The Assumption Church in Torun

The Assumption Church in Torun ©Ainunau/Flick

The former parish church of the old Torun known as the Church of Saint John the Baptist and Saint John the Evangelist became the Cathedral of Torun in 1992. The interior is mainly decorated in baroque style and houses the font made in the thirteenth century and where supposedly was baptized the astronomer Nicolaus Copernicus.

The Church of the Assumption is one of the most remarkable achievements of the sacral architecture in Poland and a former Franciscan worship place. It was built of wood in the second half of the thirteenth century, but then completely rebuilt in the next century.

The Cathedral of Torun

The Cathedral of Torun is the oldest of the three Gothic churches of Torun and it was built for the first time of stone between 1233-1236. At that time it had a single nave and a monumental tower in its western part.

The Cathedral of Torun

The Cathedral of Torun ©Simczuk/Flick

In the late thirteenth century the church was rebuilt with three naves and become much lower and narrower than the first, than later in the fourteenth and fifteenth centuries, the building was extended. Therefor the cathedral reached a length of 56 m, while the interior height exceeded 27 m. In 1406, after the collapse of the first tower, an other one was built with a height of 52 m and in 1500 it was equipped with a bell weighing 7 tons. It was the third largest bell in Poland with a diameter of 2.17 m and was known as “Tuba Dei” this meaning ” the trumpet of God”.

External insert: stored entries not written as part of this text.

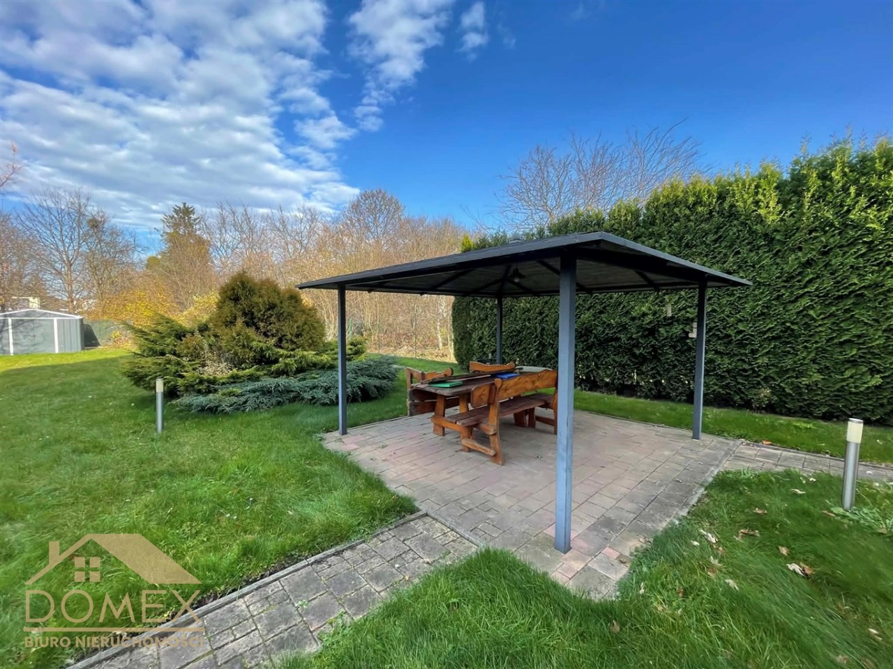 • mały drewniany domek – praktyczny magazyn lub miejsce zabaw
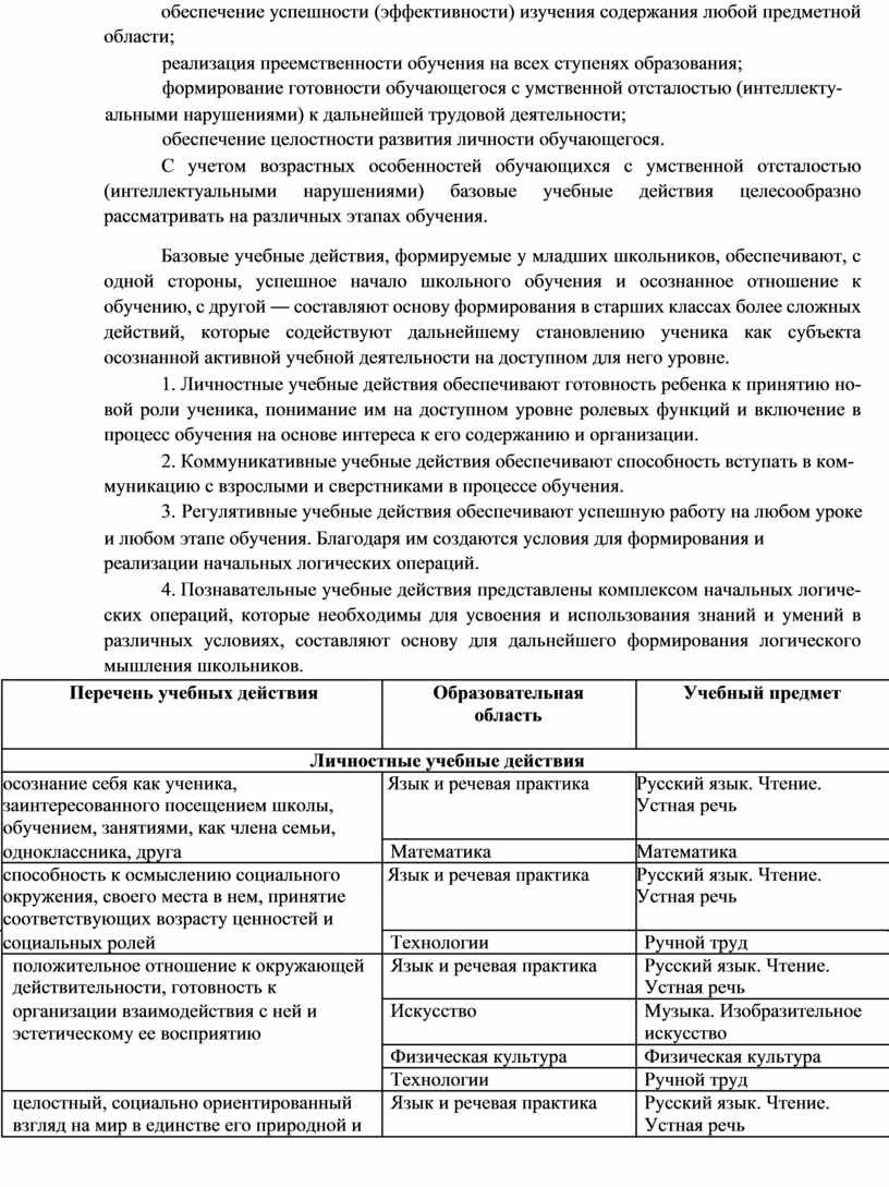 (интеллектуальными нарушениями) учебной деятельностью, обеспечивающей формирование жизненных компетенций;
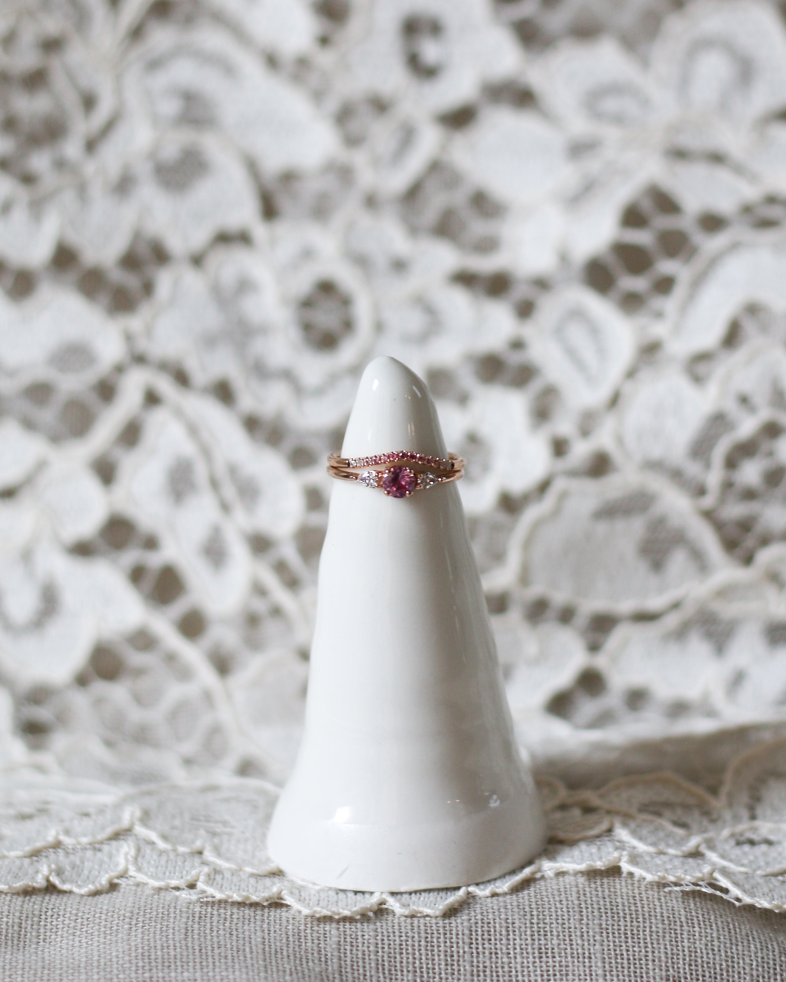 Drop Edith Ring looks amazing alone on the ring finger. It also stacks beautifully with other rings, especially curved bands.
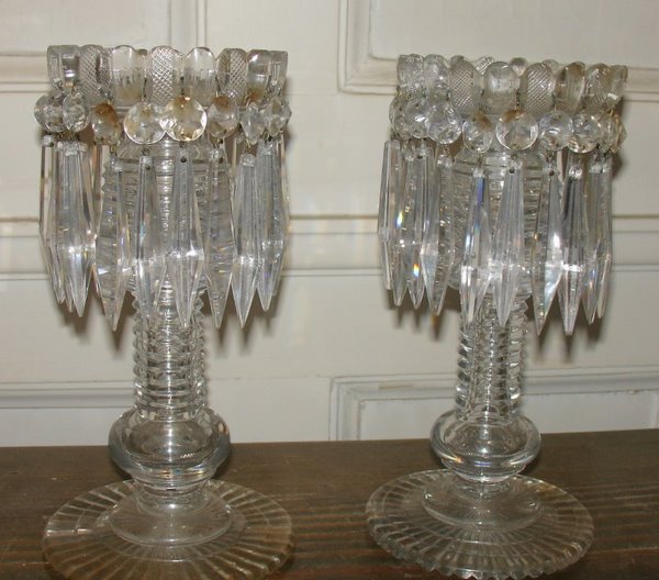 SoldPr Antique Bohemian Crystal LustresPair Antique Bohemian Crystal mantle Lustres. A pair of 19th C. bohemian glass mantle ornaments in blown and cut crystal with large drop crystals 12 3/4" tall . [1] CONDITION: Fine.See Sold Price
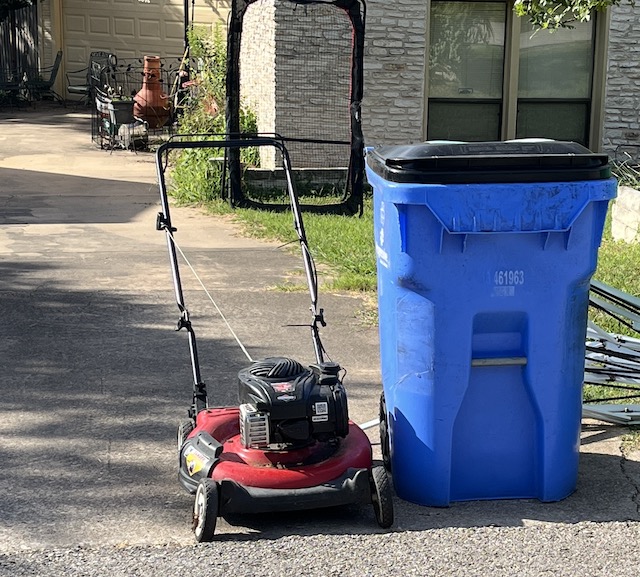 Lawnmower at the curb – First sign of lawn trouble.

In the Lutheran period the Cathedral of Torun was used by Protestants who have whitewashed its walls, thus covering the 14th century paintings depicting the Crucifixion and the Last Judgment.

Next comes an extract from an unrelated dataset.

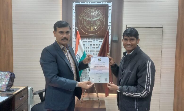 हरदोई। जनपद के एकमात्र पर्वतारोही अभिनीत मौर्य ने आज जिलाधिकारी मंगला प्रसाद सिंह से मुलाकात की जिलाधिकारी ने अभिनीत को उनके हाल के अफ्रीका महाद्वीप में उनके माउंट किलिमंजारो के पर्वतारोहण अभियान के लिए उन्हें बधाई दी। जिलाधिकारी ने उनके सफल पर्वतारोहण अभियान के लिए प्रमाणपत्र प्रदान किया। जनपद के कोथावां विकास खण्ड के आंट-सांट ग्राम के मूल निवासी पर्वतारोही अभिनीत ने 26 जनवरी को सुबह 6 बजकर 43 मिनट पर 19341 फ़ीट ऊंची माउण्ट किलिमंजारो की चोटी पर तिरंगा फहराया था। उन्होंने चोटी से प्रकृति संरक्षण का संदेश बैनर के माध्यम से दिया। मौसम की प्रतिकूलता भी उनके हौसलों को डिगा नही सकी। जिलाधिकारी मंगला प्रसाद सिंह ने अभिनीत की सफलता को लेकर कहा कि अभिनीत जैसे युवाओं का अप्रतिम साहस जनपद के युवाओं के लिए एक प्रेरणा है। उन्होंने पर्वतारोही अभिनीत को उनके आगामी अभियानों के लिए शुभकामनाएं दीं।

Inside the Cathedral of Torun

Inside the Cathedral of Torun ©Rubber Dragon/Flick

The Church of Assumption in Torun

The Church of Assumption in Torun was noted as having the highest interior of all places of worship in Central Europe in the XIV century, when its ships and apses reached a height of 28.6 m. According to the scraps left by the Franciscan order, the church did not have a single tower, but three small sized bell towers.

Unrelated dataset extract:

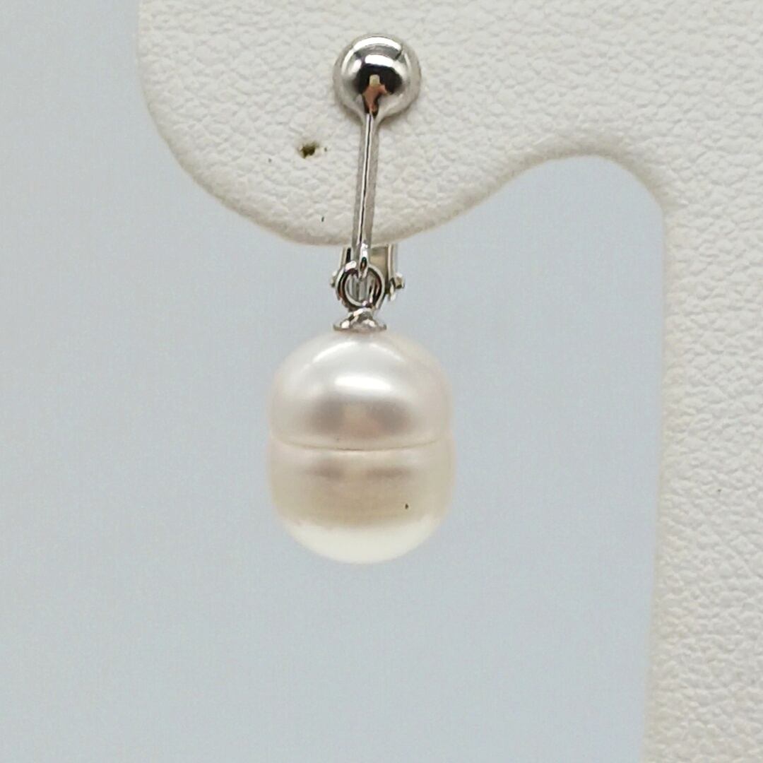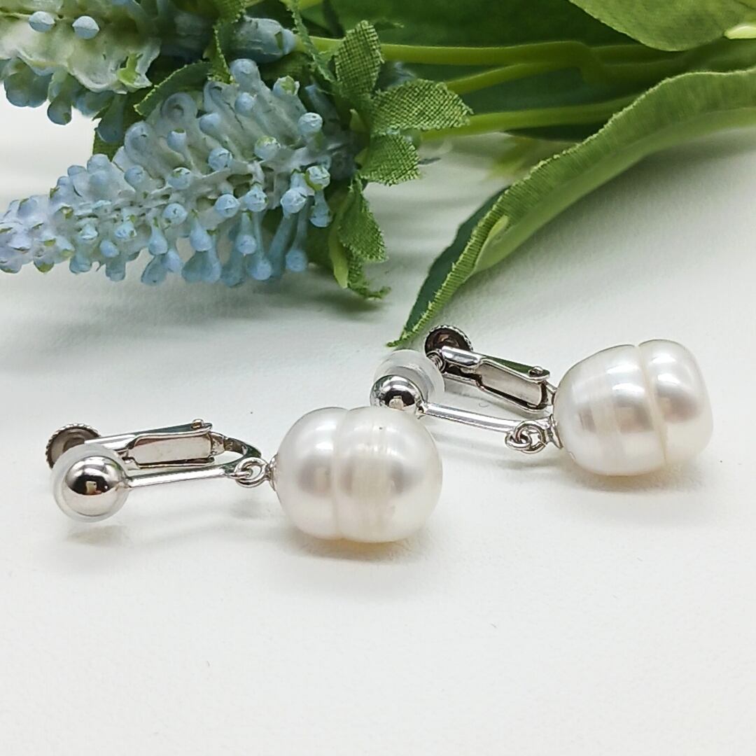 SV淡水真珠ぶら下がりイヤリング・貫通珠・ホワイト系バロック(商品番号14-797)

The church is the oldest and most significant place of worship throughout the Teutonic area and was the residence of the Prussian. The building remained in Franciscan custody until the reformation in 1559, after 1724 it was the possession of the Bernardin order and in the nineteenth century to became a parish church, remaining in this position until today.

The Church of Assumption is opened to the public every day at any time and the entry is free. Here visitors can see the mausoleum of Princess Anna Wazówna, sister of King of Poland, Sigismund III, built in 1636 located on the left side of the altar.